Name: Anqi Wu
When: Thursday, December 3, 2020 at 11:00 am
Title: Understand The Brain Using Interpretable Machine Learning Models
Abstract: Computational neuroscience is a burgeoning field embracing exciting scientific questions, a deluge of data, an imperative demand for quantitative models, and a close affinity with artificial intelligence. These opportunities promote the advancement of data-driven machine learning methods to help neuroscientists deeply understand our brain. In particular, my work lies in such an interdisciplinary field and spans the development of both scientifically-motivated probabilistic modeling approaches for neural and behavior analyses and scalable and efficient inference algorithms to fit the models. In this talk, I will first present my work on a Bayesian latent manifold tuning model for neural recordings in multiple cortical areas and discovering intriguing scientific insights. Next, I will talk about a novel probabilistic graphical model for animal pose tracking and interpretable downstream behavioral analyses. In the third example, I will introduce a fast and robust inference method for Bayesian neural networks (BNNs), which are essential for studying higher-order sensory encoding. The proposed method eliminates gradient variance and automates prior selection, which are critical challenges in variational Bayes. Finally, I will envision my future plans on bridging these works and building integrated intelligent systems.

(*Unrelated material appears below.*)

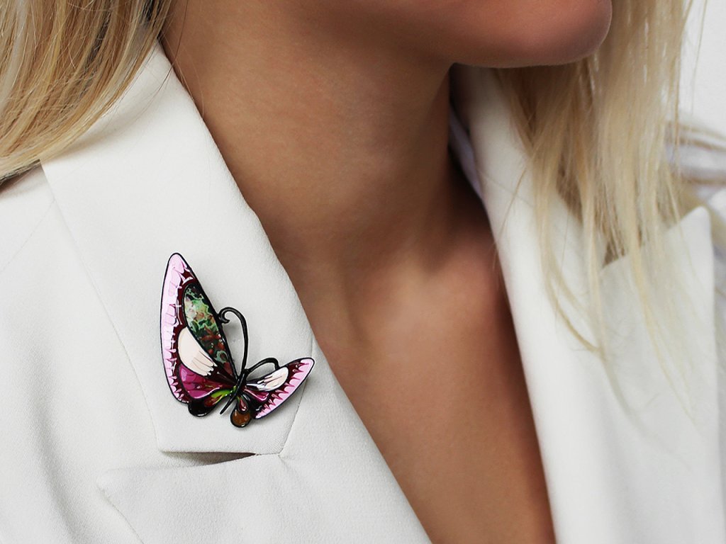 Brož motýla s barevným smaltem je elegantní a působivý doplněk, který dokáže oživit každý outfit. Je zpracována s důrazem na detail, což umocňuje její estetickou hodnotu. Z rubu má brožový špendlík. Můžete ji nosit nejen na oděvech, hodí se i k ozdobení klobouků, tašky či sepnutí šátku. Je skvělým dárkem pro každého, kdo ocení originální a hravé módní doplňky.

Bio: Anqi Wu is a Postdoctoral Research Fellow at the Center for Theoretical Neuroscience, the Zuckerman Mind Brain Behavior Institute, Columbia University, working with Prof. Liam Paninski and Prof. John Cunningham. She received her Ph.D. degree in Computational and Quantitative Neuroscience with Prof. Jonathan Pillow and a graduate certificate in Statistics and Machine Learning from Princeton University in 2019. She holds a Master's degree in Computer Science from The University of Southern California, and a Bachelor's degree in Electrical Engineering from Harbin Institute of Technology, China. She also worked as a summer research associate at The University of Texas at Austin and Microsoft Research, Cambridge, U.K.. Her research interest is to develop cutting edge machine learning models for in-depth scientific discovery in neuroscience and build up neuro-inspired artificial intelligence systems. Anqi received the USC Chevron Fellowship and was selected for the 2018 MIT Rising Star in EECS. She published a series of proceedings, and some of them were selected for oral presentations at top-tier machine learning and computational neuroscience conferences. She co-organized workshops at Cosyne and served as a Lecturer at Neuromatch Academy summer school.